Continuous Inpatient Stay (CIS)
A CIS is an unbroken period of time that a patient spends as an inpatient. During a CIS, a patient may change consultant, significant facility, specialty, and/or hospital. This means that a CIS may comprise multiple episodes of care.
Council area of residence
Describes the council area that the patient lives in. A council area is an area made for local government. There are 32 council areas in Scotland. They are all governed by unitary authorities called 'councils'. The council areas were created on 1 April 1996, under the provisions of the Local Government (Scotland) Act 1994.
This report uses the 2019 council area boundaries throughout, for all years of data.
Refers to the relationship between where patients live and where they are treated. Our diagram shows you how many patients from each NHS Board of residence were treated outside their Board. If your preferred measure is number of discharges rather than number of patients, you will find this information in the 'Table' tab of the Data Explorer.
Up to six diagnoses (one principal and five secondary) may be recorded per hospital episode. Only principal diagnosis was used to create diagnosis groupings in the Explorer (see ICD10 diagnosis groupings and examples of conditions in each grouping below for a breakdown of the groupings). The only exception is the grouping 'Organic, including symptomatic, mental disorders' (F00-F09), as it includes cases where a principal diagnosis G was followed by a secondary diagnosis of F00.
A hospital discharge marks the end of an episode of care. This may include deaths, transfers to other specialties/significant facilities/hospitals, and discharges to place of residence.
An episode starts with a referral (including re-referral) or admission. It ends with a discharge.
Financial years start on 1 April and end on 31 March. For example, financial year 2017/2018 covers the period 1 April 2017 – 31 March 2018.
A hospital resident is an individual who is an inpatient at midnight on 31 March, before the beginning of the next financial year (1 April). The term 'hospital resident' is used for simplicity. This is because some people will be looked after in care homes under contract to the local NHS Board.
The Explorer only includes hospital residents in psychiatric specialties. This measure, i.e., hospital residents, is not used in non-psychiatric specialties due to fewer patients experiencing long stays.
The International Classification of Diseases and Related Health Problems, Tenth Revision (World Health Organization). For more information visit the WHO website.
NHS Board of residence
Describes which of the 14 Scottish territorial NHS Boards the patient lives in. This is based on the postcode of their home address.
This report uses the 2019 NHS Board boundaries throughout, for all years of data.
Note: People who are resident outwith Scotland or with no fixed abode are included in a separate category labelled 'Other'.
NHS Board of treatment
Describes which of the 14 Scottish territorial NHS Boards the patient was treated in. NHS Orkney and NHS Shetland have no psychiatric hospitals within their area. As such, these boards are not valid selections when looking at psychiatric specialties. 'NHS Board of treatment' also includes the State Hospital, which is an exclusively psychiatric facility, and the National Waiting Times Centre, a non-psychiatric facility. These two are Special Health Boards. Special Health Boards support the regional NHS Boards by providing a range of important specialist and national services.

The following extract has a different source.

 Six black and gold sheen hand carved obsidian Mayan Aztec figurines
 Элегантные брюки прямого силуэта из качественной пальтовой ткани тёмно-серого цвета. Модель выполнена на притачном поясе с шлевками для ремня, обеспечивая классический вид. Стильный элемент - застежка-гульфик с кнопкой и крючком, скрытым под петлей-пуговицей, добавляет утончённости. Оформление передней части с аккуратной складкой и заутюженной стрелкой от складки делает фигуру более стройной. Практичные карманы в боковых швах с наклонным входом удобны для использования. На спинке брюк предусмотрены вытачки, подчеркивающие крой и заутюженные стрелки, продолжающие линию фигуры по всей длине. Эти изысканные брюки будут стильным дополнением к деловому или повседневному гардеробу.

A patient is an individual discharged from hospital at least once during the financial year. Patients are counted only once in each financial year, even if they have been discharged more than once. This is only if these discharges are from the same specialty. If they have been discharged from both psychiatric and non-psychiatric specialties in the same financial year, they will be counted in each. Therefore, the two specialty totals may not sum to the overall specialty total. To calculate the total, patients are counted only once per year regardless of how many times they have been discharged in a year or whether they have been discharged from both specialties.
Rate (per 100,000 population)
The annual number of events relative to the size of the population, expressed per 100,000 population. It takes no account of differences between populations with regard to age and gender composition.

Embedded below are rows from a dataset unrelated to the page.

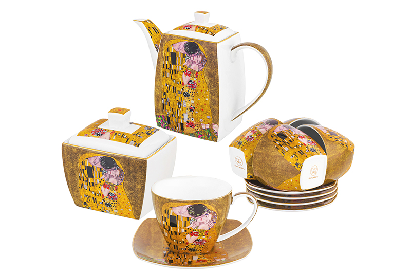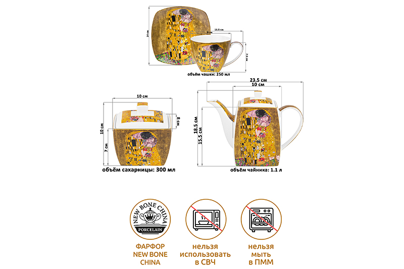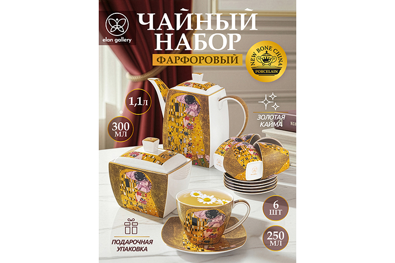 Чайный набор серии "Поцелуй" состоит из 14-ти предметов: 6 чашек объемом по 250 мл, 6 блюдец диаметром по 14 см, чайник на 1,1 литра и сахарница на 300 мл. Набор поможет провести множество приятных чаепитий. Посуда в наборе украшена роскошными репродукциями картины Густава Климта "Поцелуй" и обрамлена золотым окаймлением. Посуда выполнена из высококачественного фарфора New Bone China. Это фарфор нового поколения, не уступающий традиционному костяному по качеству, но при этом гораздо более экологичный в производстве. Чайник в носике имеет фильтрующие отверстия против чаинок. Крышка чайника удерживается с помощью язычка. Набор не подходит для использования в микроволновой печи и посудомоечной машине. Поставляется в подарочной упаковке. Чайный набор из серии посуды "Поцелуй" сможет стать настоящим украшением кухни или приятным подарком для ваших родных и близких!
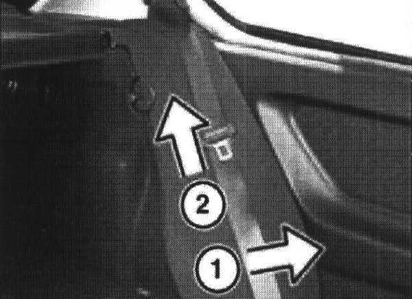 - Unclip backrest side section at bottom (1) and take it out upwards (2).
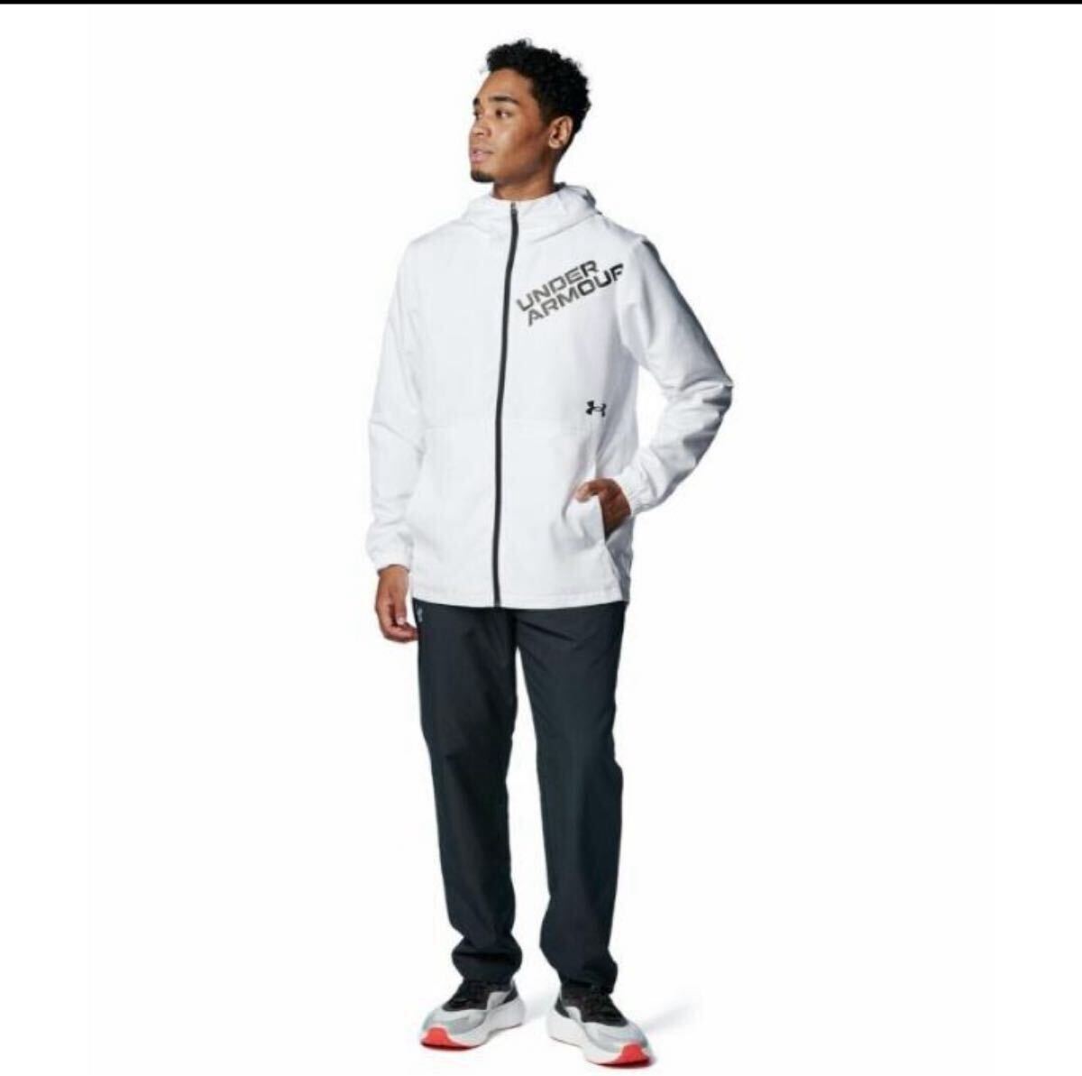 - 即決新品 Lサイズ UNDER ARMOUR トリコット ラインド ウーブン ジャケット 上下セット セットアップ ホワイト/ブラック アンダーアーマー
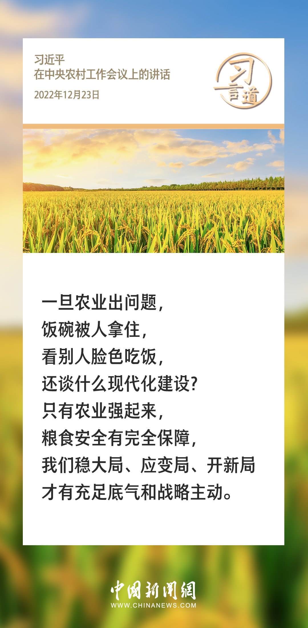 農(nóng)為邦本,本固邦寧。習(xí)近平總書記多次在不同場合就“三農(nóng)”工作發(fā)表重要講話、作出重要部署,始終堅持把解決好“三農(nóng)”問題作為全黨工作的重中之重。
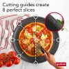 - EFFICIENT DESIGN: This pizza tray features convenient cutting guides that make it easy to serve perfect, even slices, every time. The bottom of the round oven pan also has feet to keep the hot pan elevated and off the countertop, preventing heat damage.

Refers to a case where a patient who had been discharged from hospital is admitted again within a defined period of time. The ‘Readmissions’ tab in the Data Explorer shows percentage readmissions. This was calculated by dividing the total number of readmissions by the total number of CISs. Only readmissions in the following psychiatric specialties have been included in this publication: G1 – General Psychiatry and G4 – Psychiatry of Old Age.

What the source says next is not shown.